Subject: Re: wd interface CRC errors
To: David Maxwell <david@vex.net>
From: Greg Oster <oster@cs.usask.ca>
List: netbsd-help
Date: 10/20/2006 10:55:14
David Maxwell writes:
>
> I have a NetBSD 2.0.2, i386, with an uptime of 238 days. The install
> is about a year and a half old, running 24/7 since May 2005.
>
> It has three WDs, and wd1/wd2 are a mirror.
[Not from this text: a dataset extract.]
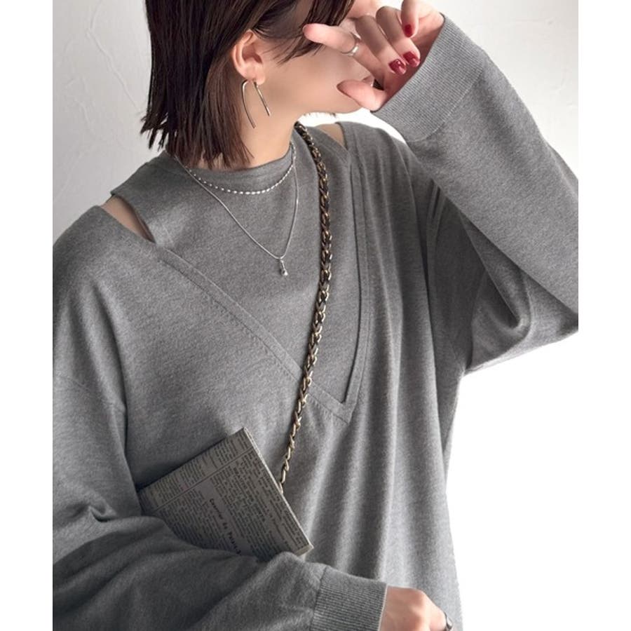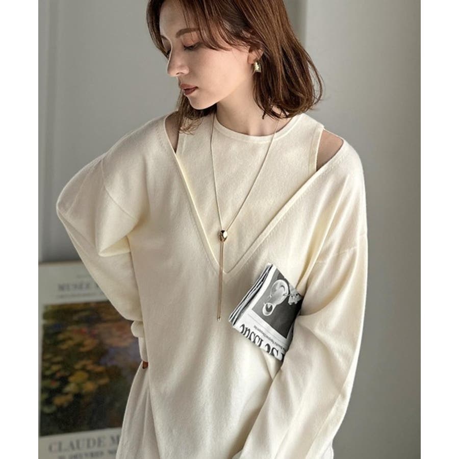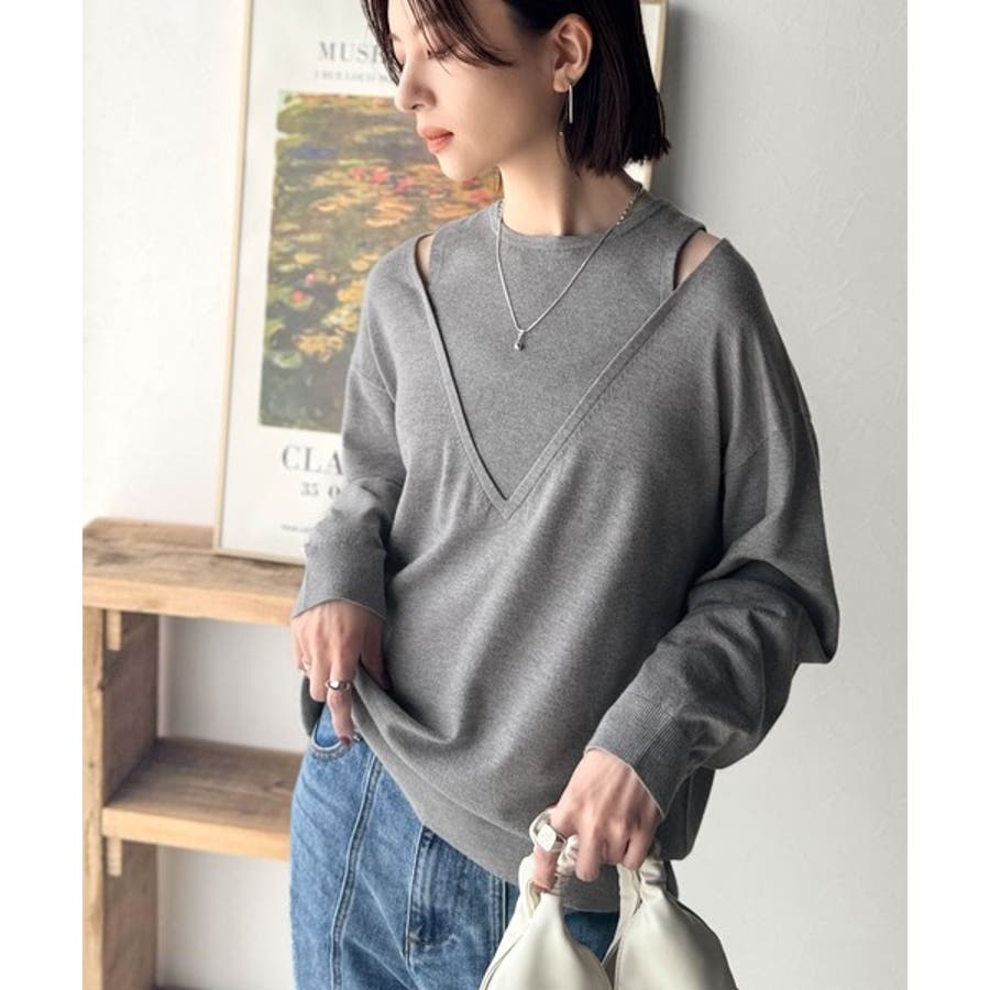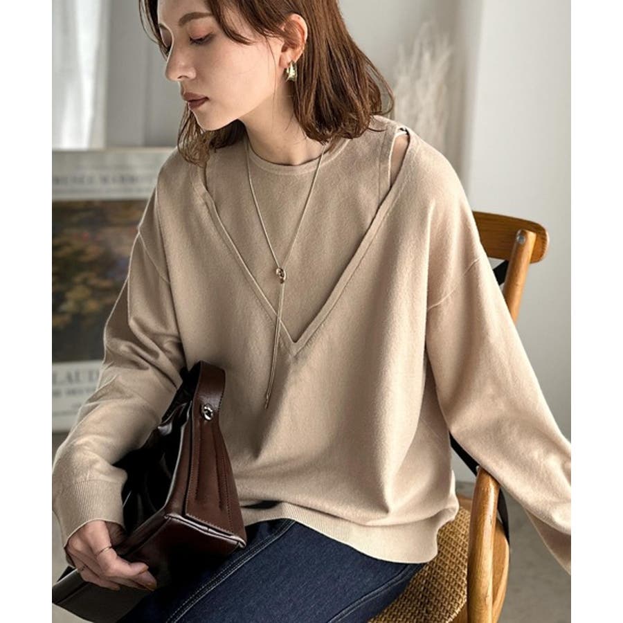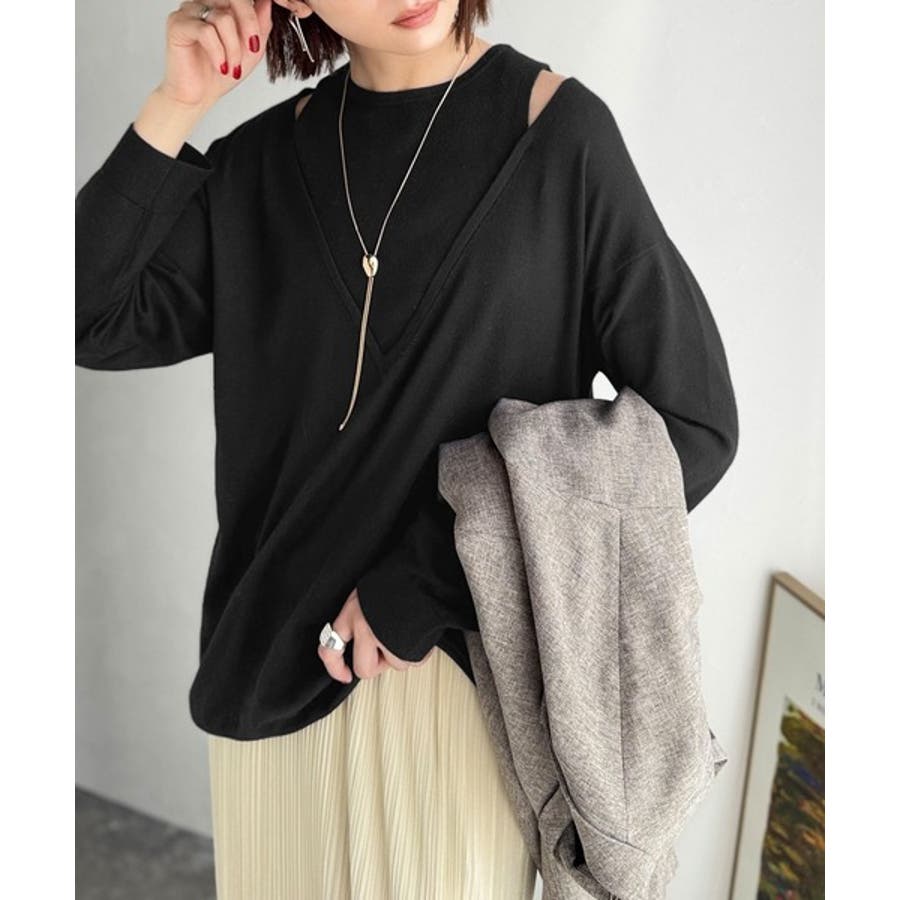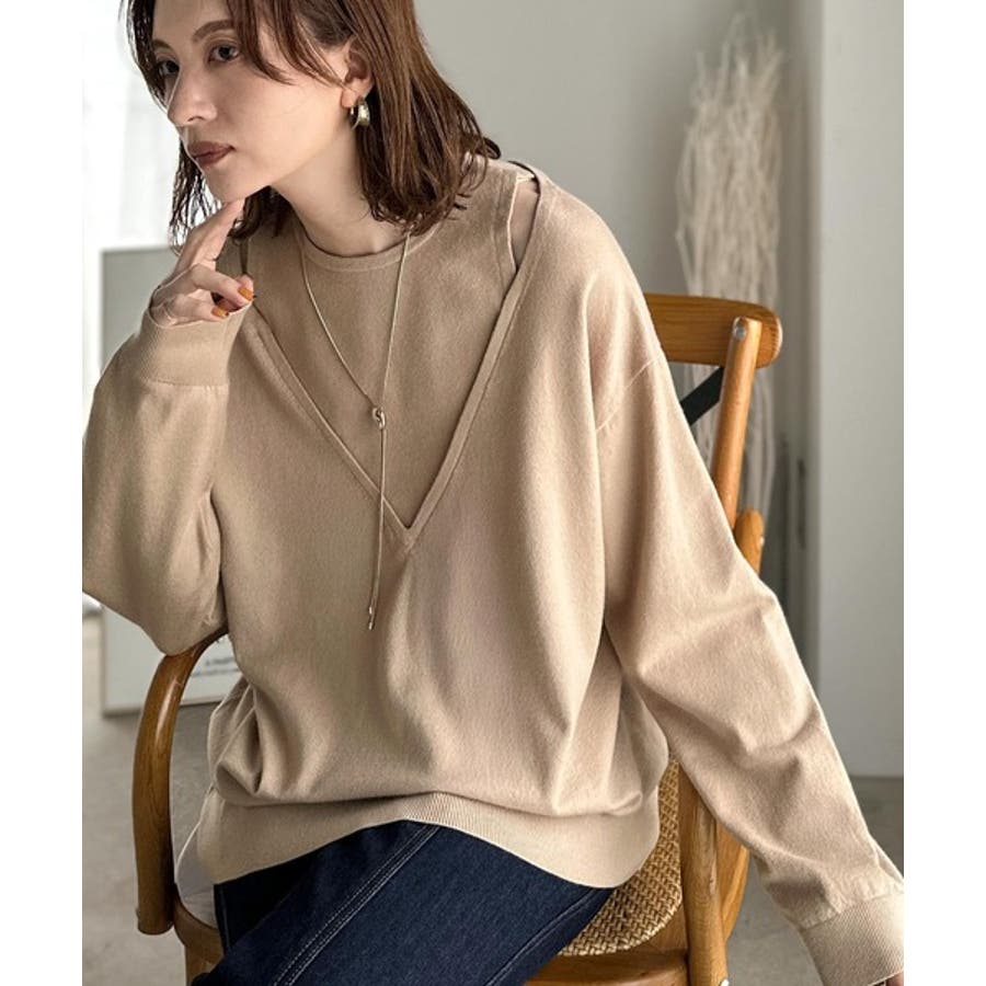 一枚着るだけで、大人の抜け感を演出♪レイヤード風ニットトップス(長袖)

Nothing has changed
> physically in the system, so the usual 'cable problem' suggestion
> doesn't seem to apply.
If you havn't already, I'd check that the cables are seated all the way...
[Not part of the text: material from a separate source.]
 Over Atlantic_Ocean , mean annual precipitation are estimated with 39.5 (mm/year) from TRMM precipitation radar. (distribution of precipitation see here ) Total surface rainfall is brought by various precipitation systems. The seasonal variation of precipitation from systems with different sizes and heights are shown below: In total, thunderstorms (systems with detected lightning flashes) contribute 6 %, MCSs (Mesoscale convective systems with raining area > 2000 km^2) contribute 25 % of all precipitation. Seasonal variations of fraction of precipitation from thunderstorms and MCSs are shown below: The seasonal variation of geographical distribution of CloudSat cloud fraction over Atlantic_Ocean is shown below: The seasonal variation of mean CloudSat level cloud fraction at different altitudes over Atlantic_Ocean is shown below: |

(I've had them work their way out a little over time, and cause these
sorts of issues...)
> These started in September, and have become common:
>
> Sep 19 08:58:28 mail /netbsd: wd0a: error writing fsbn 1114304 of 1114304-111
> 4319 (wd0 bn 1114367; cn 1105 tn 8 sn 23), retrying
> Sep 19 08:58:29 mail /netbsd: wd0: (aborted command, interface CRC error)
> Sep 19 08:58:29 mail /netbsd: wd0: soft error (corrected)
>
> They show up on wd0 and wd1, which share a controller, and a cable.
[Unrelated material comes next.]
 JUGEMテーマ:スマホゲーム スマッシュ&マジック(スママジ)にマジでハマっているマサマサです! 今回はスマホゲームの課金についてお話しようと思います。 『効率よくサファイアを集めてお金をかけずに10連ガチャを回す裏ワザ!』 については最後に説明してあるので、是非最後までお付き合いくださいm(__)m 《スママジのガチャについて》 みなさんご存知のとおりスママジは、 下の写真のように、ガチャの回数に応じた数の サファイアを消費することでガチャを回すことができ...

> All errors are corrected so far. (18 on wd0, 19 on wd1)
>
> All of the errors occur while writing, and there's no locality
> amongst the sectors invovled in the errored writes.
Any "time-of-day" correlations (e.g. when /etc/daily is running?)
which might speak to a heavy disk load (and hence power draw), and
possibly to a power supply that is starting to fail?
> The smart status shows a high count on wd0 for raw read error rate and
> hardware ECC recovered errors, so I'm inclined to replace that drive.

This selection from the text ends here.